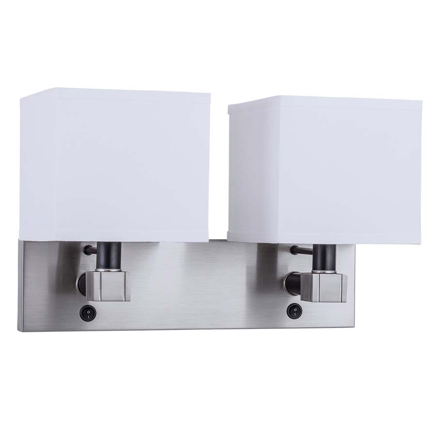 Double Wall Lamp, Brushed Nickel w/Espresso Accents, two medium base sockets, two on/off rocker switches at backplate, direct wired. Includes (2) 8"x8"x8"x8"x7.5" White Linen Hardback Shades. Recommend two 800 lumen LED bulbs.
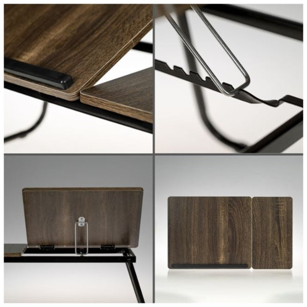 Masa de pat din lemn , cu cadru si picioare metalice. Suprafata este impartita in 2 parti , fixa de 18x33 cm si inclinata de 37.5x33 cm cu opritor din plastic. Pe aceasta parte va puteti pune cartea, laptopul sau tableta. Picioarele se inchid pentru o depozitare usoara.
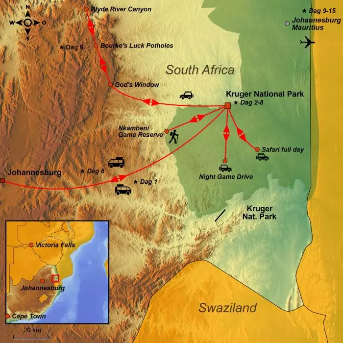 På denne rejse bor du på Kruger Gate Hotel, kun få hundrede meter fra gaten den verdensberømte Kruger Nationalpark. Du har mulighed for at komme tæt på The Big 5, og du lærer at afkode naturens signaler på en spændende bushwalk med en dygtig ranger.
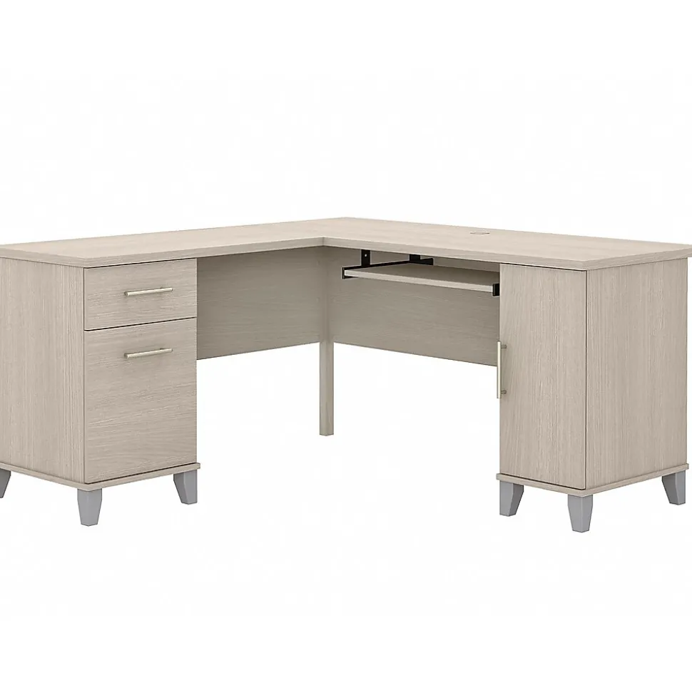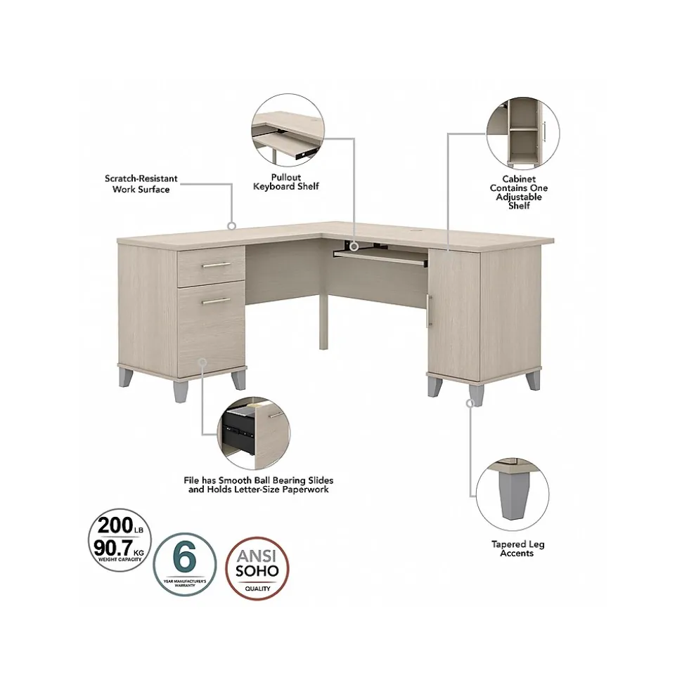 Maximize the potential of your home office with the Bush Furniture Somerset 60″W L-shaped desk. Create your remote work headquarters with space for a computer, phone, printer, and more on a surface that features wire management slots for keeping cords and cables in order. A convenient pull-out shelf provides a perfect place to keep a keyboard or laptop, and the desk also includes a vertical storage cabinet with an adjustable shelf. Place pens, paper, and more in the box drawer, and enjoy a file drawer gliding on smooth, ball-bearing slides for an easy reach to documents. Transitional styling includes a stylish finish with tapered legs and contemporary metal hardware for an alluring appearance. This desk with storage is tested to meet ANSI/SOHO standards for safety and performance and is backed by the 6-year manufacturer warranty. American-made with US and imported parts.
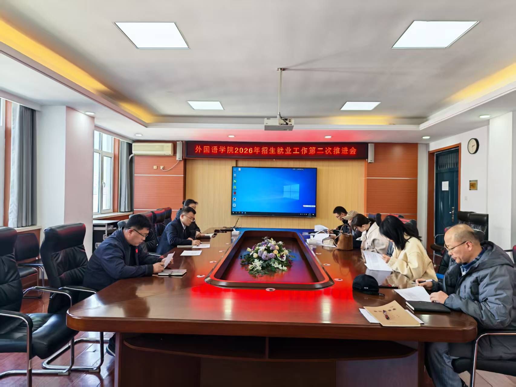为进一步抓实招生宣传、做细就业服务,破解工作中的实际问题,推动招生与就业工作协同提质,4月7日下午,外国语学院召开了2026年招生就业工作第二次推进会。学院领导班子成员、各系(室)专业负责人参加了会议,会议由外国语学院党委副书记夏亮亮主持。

........

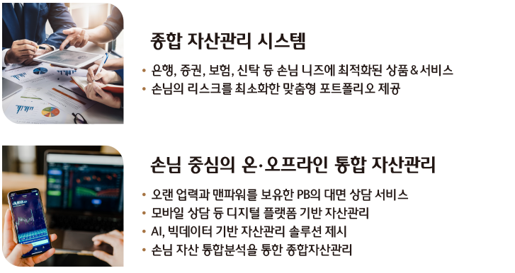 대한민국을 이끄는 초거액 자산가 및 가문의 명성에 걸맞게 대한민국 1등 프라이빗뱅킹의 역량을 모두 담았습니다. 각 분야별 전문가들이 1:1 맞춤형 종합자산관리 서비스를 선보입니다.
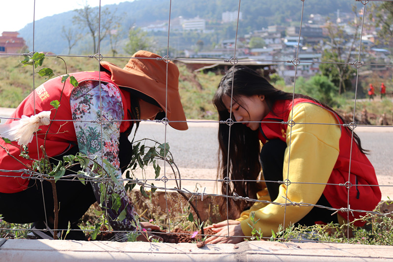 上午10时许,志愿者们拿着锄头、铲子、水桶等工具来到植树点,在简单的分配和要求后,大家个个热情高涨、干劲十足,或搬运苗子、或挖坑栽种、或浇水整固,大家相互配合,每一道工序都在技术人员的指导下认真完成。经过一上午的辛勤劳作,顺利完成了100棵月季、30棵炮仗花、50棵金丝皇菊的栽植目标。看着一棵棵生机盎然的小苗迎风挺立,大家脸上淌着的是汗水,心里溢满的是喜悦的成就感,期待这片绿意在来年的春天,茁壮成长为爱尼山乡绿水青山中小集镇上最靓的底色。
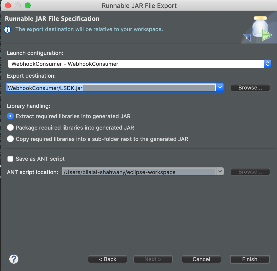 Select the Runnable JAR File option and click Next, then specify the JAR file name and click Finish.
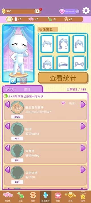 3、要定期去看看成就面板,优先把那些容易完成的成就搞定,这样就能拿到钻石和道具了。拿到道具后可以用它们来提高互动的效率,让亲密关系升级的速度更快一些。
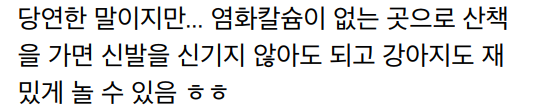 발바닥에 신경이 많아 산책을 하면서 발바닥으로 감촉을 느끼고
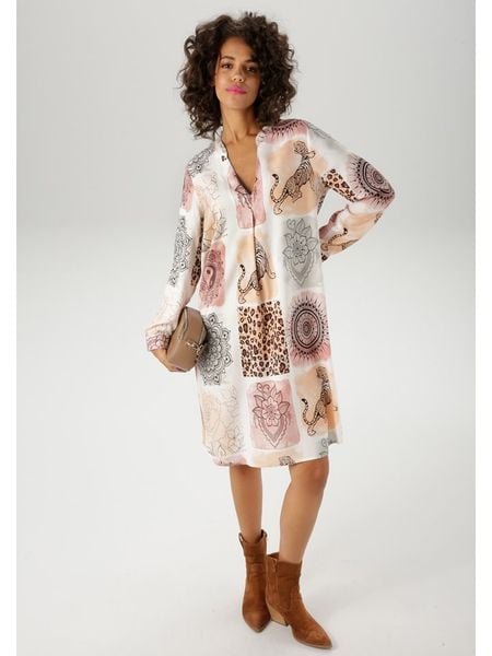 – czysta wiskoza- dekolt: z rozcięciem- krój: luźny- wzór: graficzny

........

Go to the line above holding "Double Wall Lamp, Brushed", then copy exactly each line down to and including the one holding "Masa de pat", leaving pictures out.

**RESPONSE BOX**
 Double Wall Lamp, Brushed Nickel w/Espresso Accents, two medium base sockets, two on/off rocker switches at backplate, direct wired. Includes (2) 8"x8"x8"x8"x7.5" White Linen Hardback Shades. Recommend two 800 lumen LED bulbs.
 Masa de pat din lemn , cu cadru si picioare metalice. Suprafata este impartita in 2 parti , fixa de 18x33 cm si inclinata de 37.5x33 cm cu opritor din plastic. Pe aceasta parte va puteti pune cartea, laptopul sau tableta. Picioarele se inchid pentru o depozitare usoara.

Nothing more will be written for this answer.